Virginia Professor Wants Vote Reparations
Black people make up about 13% of our population according to the U.S. Census, while white people including Hispanics make up about 75% of the population. So elections are still largely determined by the white people in this country since they are the majority. But Washington and Lee University School of Law Assistant Professor Brandon Hasbrouck claims that this is instead because of the electoral college which he feels is racist. So he wants to level the playing field by counting black people's votes twice as a vote reparation. Sounds more like he wants to give more power to 13% of the country...
Hasbrouck claims the electoral college dilutes the votes of black people.
"One core problem is the Electoral College. Wyoming, which has just 580,000 residents and is 93 percent white, gets three electors because of its two senators and one representative in the House. By comparison, Georgia’s Fifth Congressional District—which includes Atlanta, has 710,000 residents, and is 58 percent Black—has no dedicated electors or senators and can only occasionally overcome the mostly white and conservative votes from elsewhere in the state. This devaluation of Black votes allows our political system to ignore Black lives, and the consequences are devastating. Unequal representation has led to unequal health care outcomes, which the Covid-19 pandemic has only worsened. Without sufficient voting power, Black communities receive substandard education, and politicians are free to appoint judges who sanction mass incarceration, abusive policing, and electoral disenfranchisement.
This is all by design. The Constitution’s framers set up the Electoral College to protect the interests of slave states. Along with the Senate, the Electoral College was critical in the endurance of slavery and its continuation by other means. Abolishing this system would mean that ballots cast by Black voters—or any voters, for that matter—would count the same."
"The professor offers a solution: “We can implement vote reparations by double-counting ballots cast by all Black residents.”
Hasbrouck notes that the idea isn’t entirely new. A 2015 plan by Theodore Johnson, a senior fellow at the Brennan Center for Justice, called for making black Americans’ votes worth five-thirds, which Hasbrouck said “has a poetic symmetry with the three-fifths clause of the Constitution,” which said that enslaved blacks in a state would be counted as three-fifths of the number of white inhabitants of that state.
But he says: “Counting Black votes twice keeps the point clear and provides redress for myriad forms of disenfranchisement deployed against Black voters.”

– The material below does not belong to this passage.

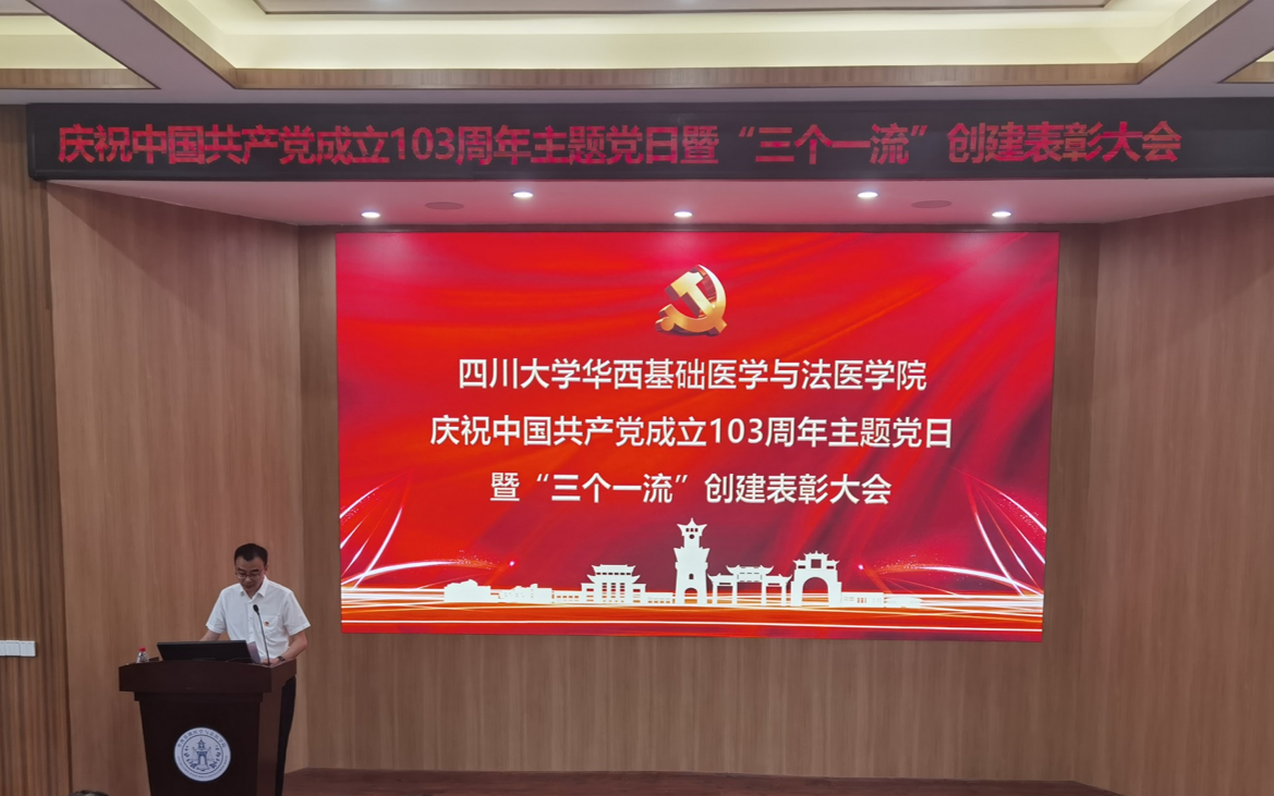在庆祝中国共产党成立103周年、学院深入推进“三个一流”创建活动和扎实开展党纪学习教育工作之际,6月28日上午,学院在华西第五教学楼报告厅隆重召开庆祝中国共产党成立103周年主题党日活动暨“三个一流”创建表彰大会,学院领导班子成员、党委委员、纪委委员、各党支部书记、“两优一先”获奖者、光荣在党50年的党员代表、党龄“逢十”的党员代表、新发展党员代表参加会议,会议由学院党委副书记、副院长罗海玻主持。
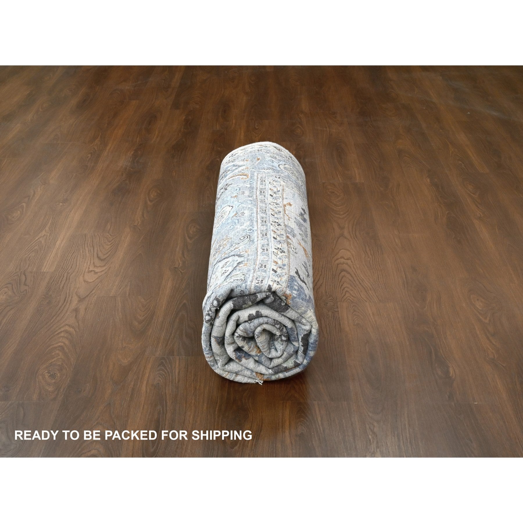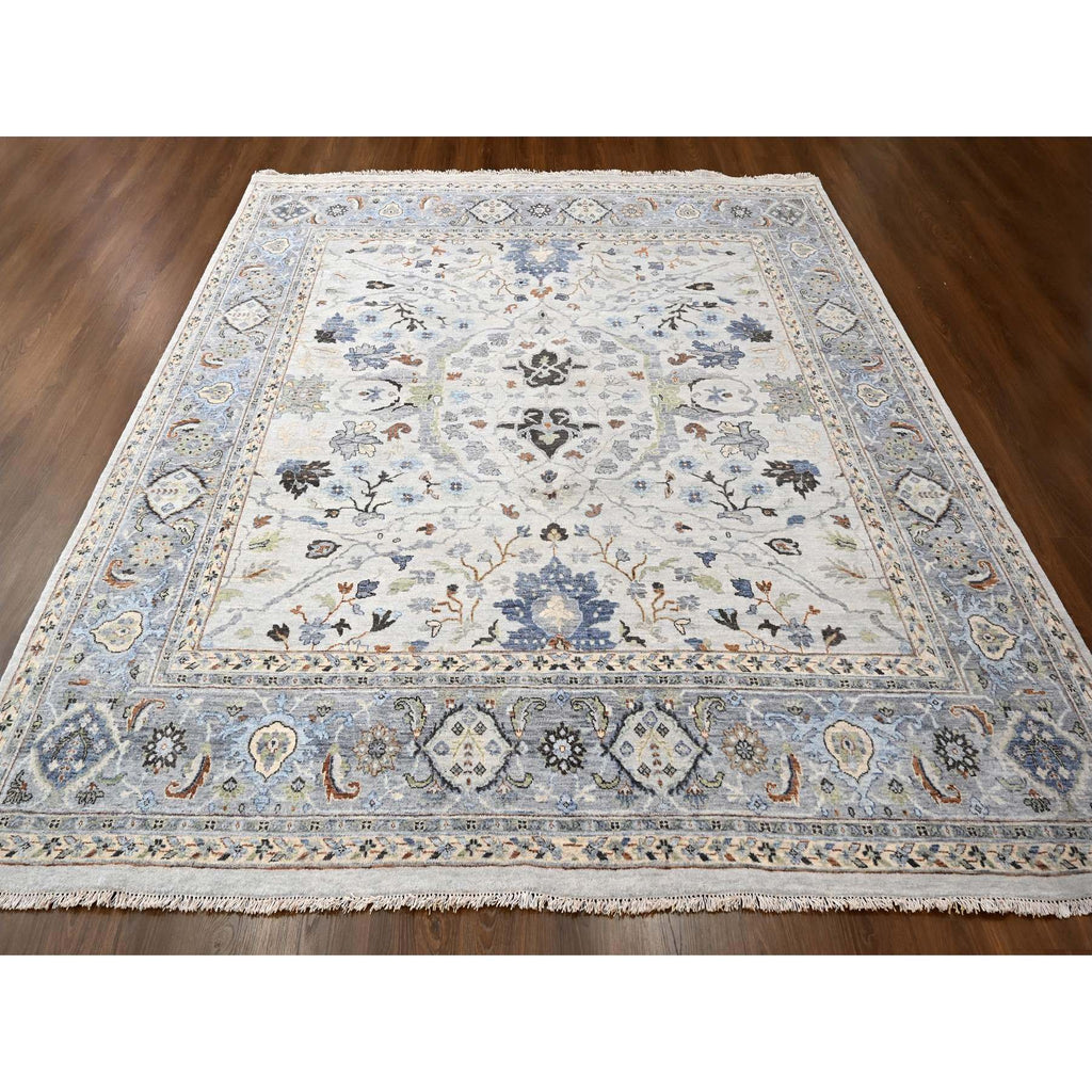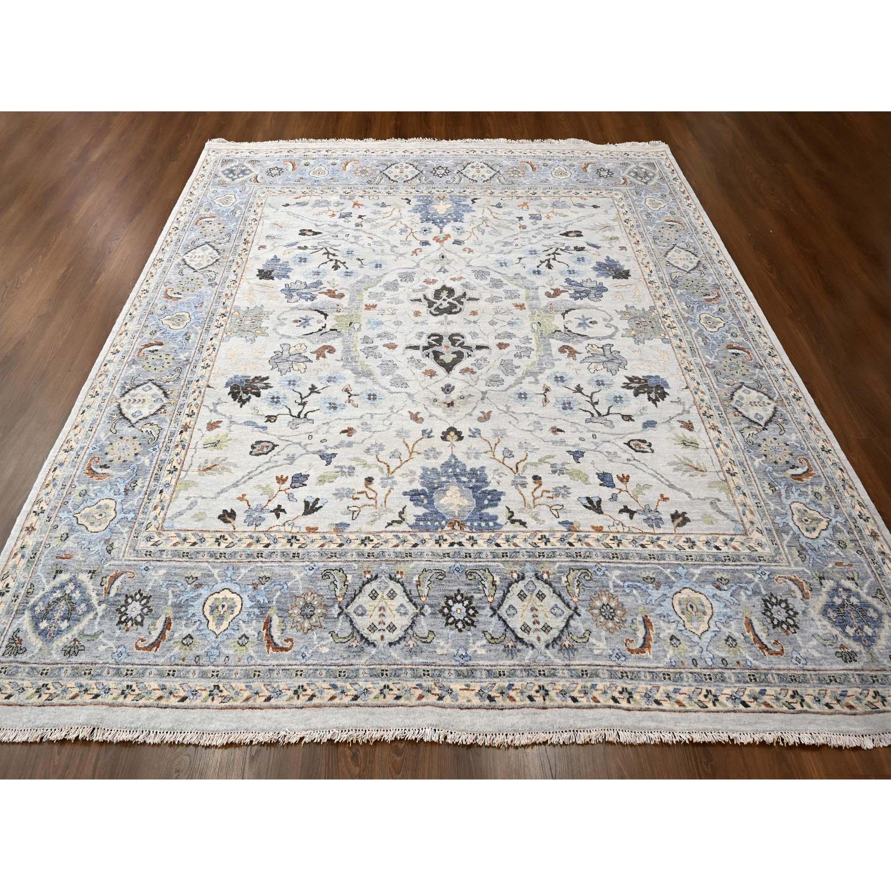 10'x10' Summer And Sharkfin Gray, Denser Weave Oushak All Over Floral Design, Natural Dyes, Shiny Wool, Hand Knotted Square Oriental Rug FWR509154

“Because white votes currently count more than Black ones, double-counting Black votes would restore electoral balance. Vote reparations would be a giant step toward remedying our nation’s long history of denying and devaluing Black votes. To address systemic racism, we must transform how we choose our government. Even if vote reparations aren’t instituted, Black voters will keep tirelessly dragging our states toward a more perfect union. But just imagine our country if our votes counted twice,” he writes."
First off, Georgia gets 16 electoral votes compared to Wyoming's three, so Georgia gets far more votes due to its massive population. Hasbrouck also discounts the fact that Georgia is comprised of 60% white people and about 32% black people so it's not this close race that he is talking about when it comes to overcoming the white conservatives. Historically Georgia is a purple state and votes Red nationally and blue for local politics. It is only in recent years that that has changed.
Black people largely vote for Democrats and so Hasbrouck's plan to double black votes would give Democrats a huge advantage in the popular vote and alter all future elections. But it is not by any means a fair standard making the votes of one race of people worth double any other population of Americans. That is not what America is about.
His argument is flawed and really it sounds like he should be arguing that Georgia get more representation in the Senate and electors for its people in general rather than just the black folks. His divisive argument draws attention away from the real issue that Georgia’s Fifth Congressional District deserves better representation. That's all he had to say instead of this divisive racial nonsense.